■ **Task**: When you repeat the listing below, keep every word exactly and leave out each picture.
Material provided Block Start
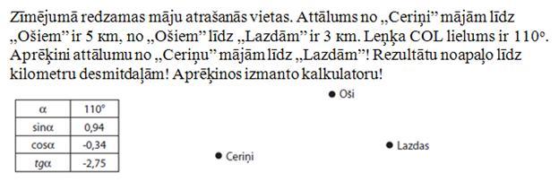 На чертеже показано расположение домов. Расстояние от дома "Сирень" до "Оши" 5 км. от .Ošiai ”до ..Lazdeš” составляет 3 км Размер угла COL составляет 110 °. Посчитайте расстояние от дома ".Ceriņi" до "Лаздай"! Результат округляется до десятых долей километра! Используйте калькулятор в расчетах!
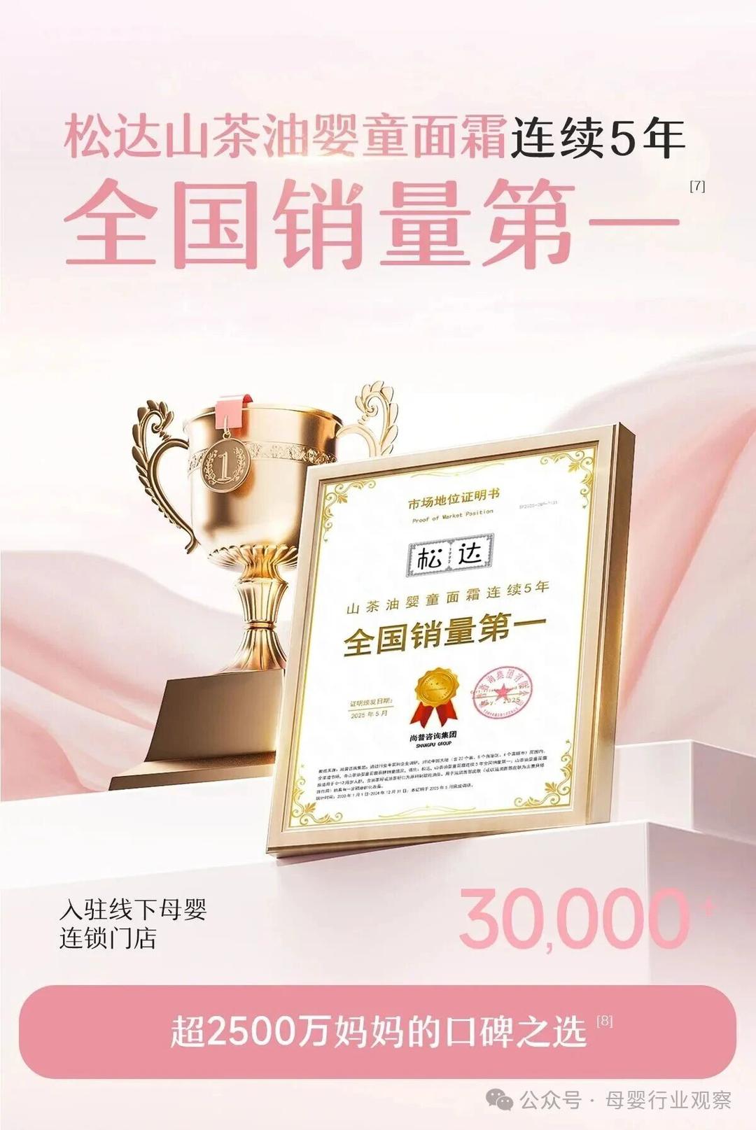 正如深耕精研婴童护肤赛道34年的松达,从日常维稳的山茶油霜到换季急救的山茶油特护霜,每一样成分都致力于安心、有效,每一款产品都围绕消费者核心痛点,这才筑就“了不起的中国山茶油”,成为2500万妈妈的共同选择,实现连续5年中国山茶油婴童面霜全国销量第一。
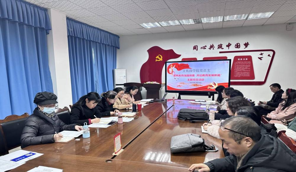 为深入贯彻落实全国教育大会精神,推动学院各项工作高质量发展,文化商学院两支部于2月28日联合开展“聚焦教育强国纲要,共绘教育发展新篇”主题党日活动。此次活动由党总支书记王维姝主持,文化商学院全体党员教师参加了活动。
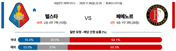 [검증마트]11월30일 텔스타:페예노르트 에레디비지 분석
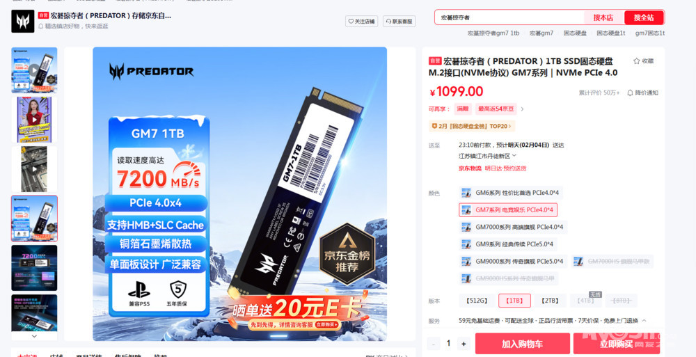 » 宏碁 掠夺者GM7 1T NVME 原包装未拆封 960元,明盘不还价
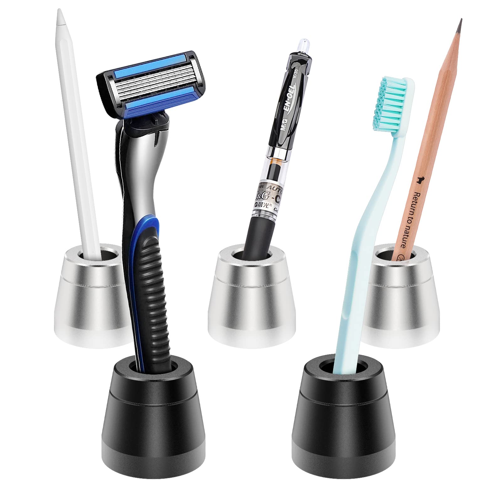AKEIE ペン立て 1本 おしゃれ ペンスタンド 筆差し 滑り止め付き 万年筆 鉛筆 ボールペンに対応 アルミニウム合金 (2pcs, 銀)
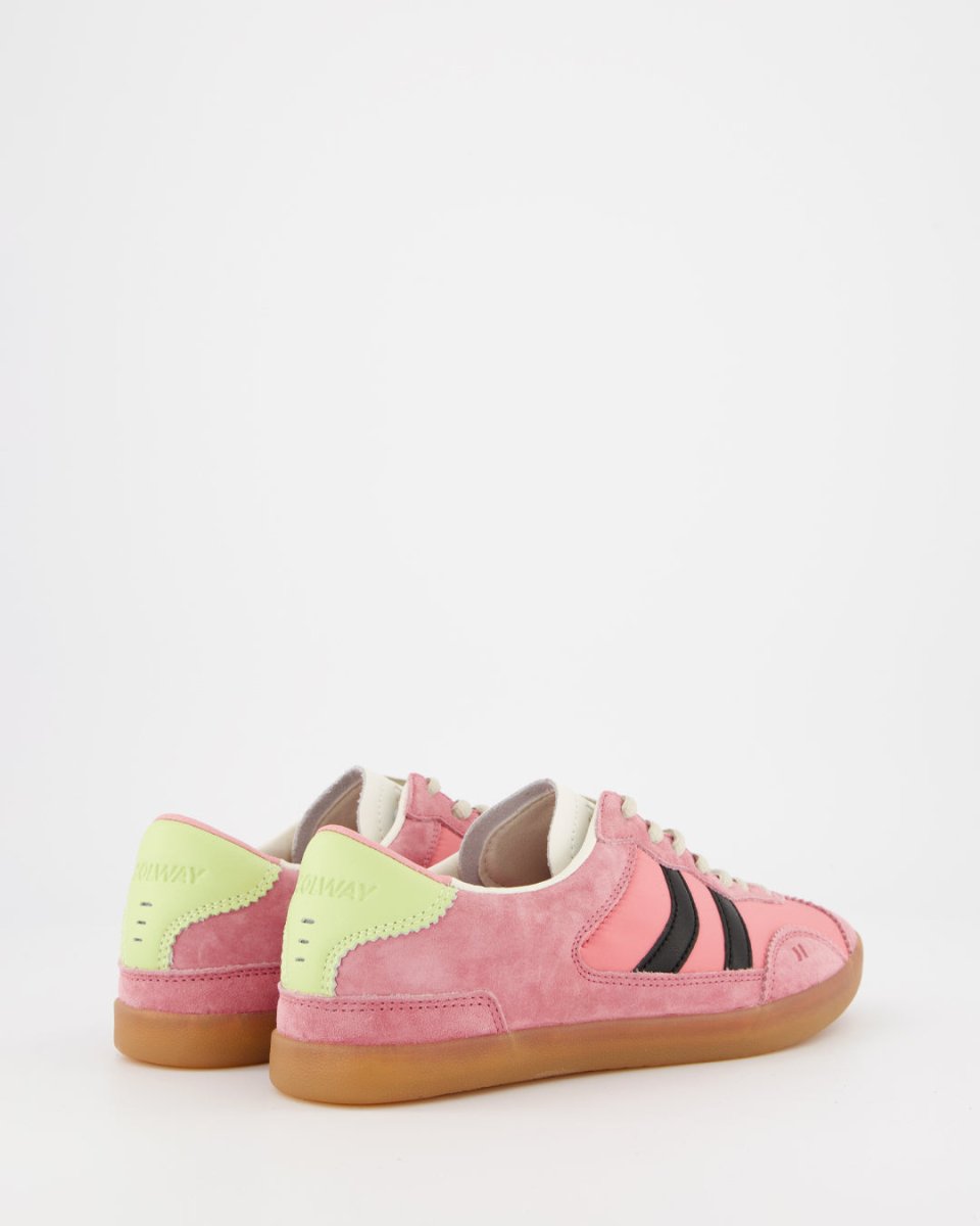 Zapatillas deportivas bajas de piel tipo serraje combinado con nylon. Corte sencillo y clásico con cierre de cordones. La pieza de talón y el logo contrastan tanto por color como por textura. La plantilla de foam acolchada lleva impreso un diseño multilogo. El forro de piel contrasta en la parte trasera siguiendo el tono del corte. La suela de goma ligera en colores miel lleva un pespunte en la base que refuerza la unión entre el corte y la misma suela.
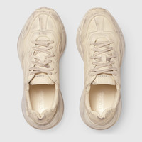 Designed with a thick sole and bulky construction, the sneaker has a retro influence in leather treated for a vintage, distressed effect. - Ivory leather treated for a vintage, distressed effect - Debossed Gucci logo at the back sole - Rubber sole - Low heel - 50mm height - Made in Italy
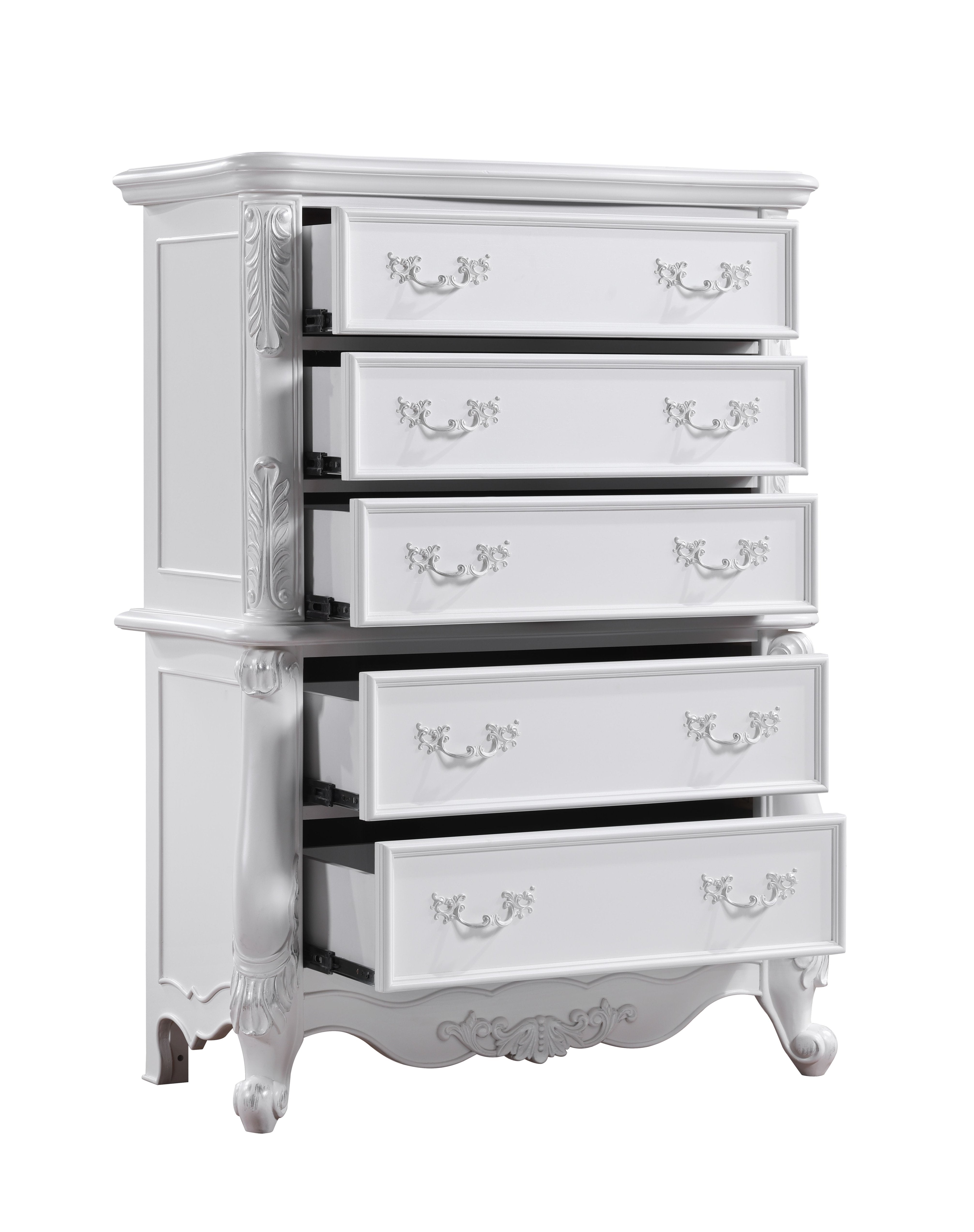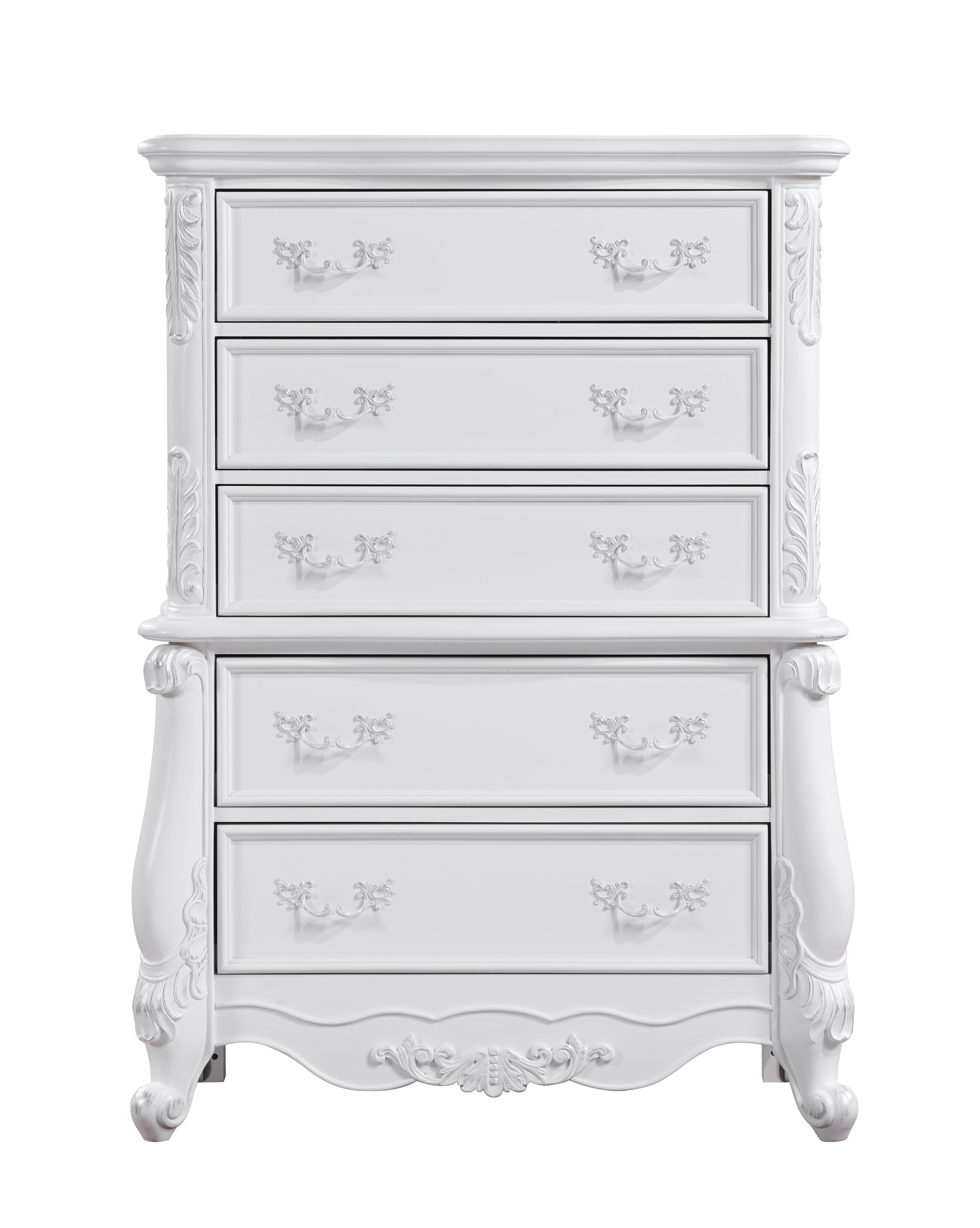 Elevate your bedroom with the Latisha dresser in a crisp white finish—an elegant, practical centerpiece designed to organize clothing and accessories while complementing modern and traditional decor. Built from durable hardwood, MDF, and composite wood with a paper veneer finish, this dresser delivers lasting stability and a refined look that enhances any space.
Material provided Block End
■ **Solution to this task**:
 На чертеже показано расположение домов. Расстояние от дома "Сирень" до "Оши" 5 км. от .Ošiai ”до ..Lazdeš” составляет 3 км Размер угла COL составляет 110 °. Посчитайте расстояние от дома ".Ceriņi" до "Лаздай"! Результат округляется до десятых долей километра! Используйте калькулятор в расчетах!
 正如深耕精研婴童护肤赛道34年的松达,从日常维稳的山茶油霜到换季急救的山茶油特护霜,每一样成分都致力于安心、有效,每一款产品都围绕消费者核心痛点,这才筑就“了不起的中国山茶油”,成为2500万妈妈的共同选择,实现连续5年中国山茶油婴童面霜全国销量第一。
 为深入贯彻落实全国教育大会精神,推动学院各项工作高质量发展,文化商学院两支部于2月28日联合开展“聚焦教育强国纲要,共绘教育发展新篇”主题党日活动。此次活动由党总支书记王维姝主持,文化商学院全体党员教师参加了活动。
 [검증마트]11월30일 텔스타:페예노르트 에레디비지 분석
 » 宏碁 掠夺者GM7 1T NVME 原包装未拆封 960元,明盘不还价
AKEIE ペン立て 1本 おしゃれ ペンスタンド 筆差し 滑り止め付き 万年筆 鉛筆 ボールペンに対応 アルミニウム合金 (2pcs, 銀)
 Zapatillas deportivas bajas de piel tipo serraje combinado con nylon. Corte sencillo y clásico con cierre de cordones. La pieza de talón y el logo contrastan tanto por color como por textura. La plantilla de foam acolchada lleva impreso un diseño multilogo. El forro de piel contrasta en la parte trasera siguiendo el tono del corte. La suela de goma ligera en colores miel lleva un pespunte en la base que refuerza la unión entre el corte y la misma suela.
 Designed with a thick sole and bulky construction, the sneaker has a retro influence in leather treated for a vintage, distressed effect. - Ivory leather treated for a vintage, distressed effect - Debossed Gucci logo at the back sole - Rubber sole - Low heel - 50mm height - Made in Italy
 Elevate your bedroom with the Latisha dresser in a crisp white finish—an elegant, practical centerpiece designed to organize clothing and accessories while complementing modern and traditional decor. Built from durable hardwood, MDF, and composite wood with a paper veneer finish, this dresser delivers lasting stability and a refined look that enhances any space.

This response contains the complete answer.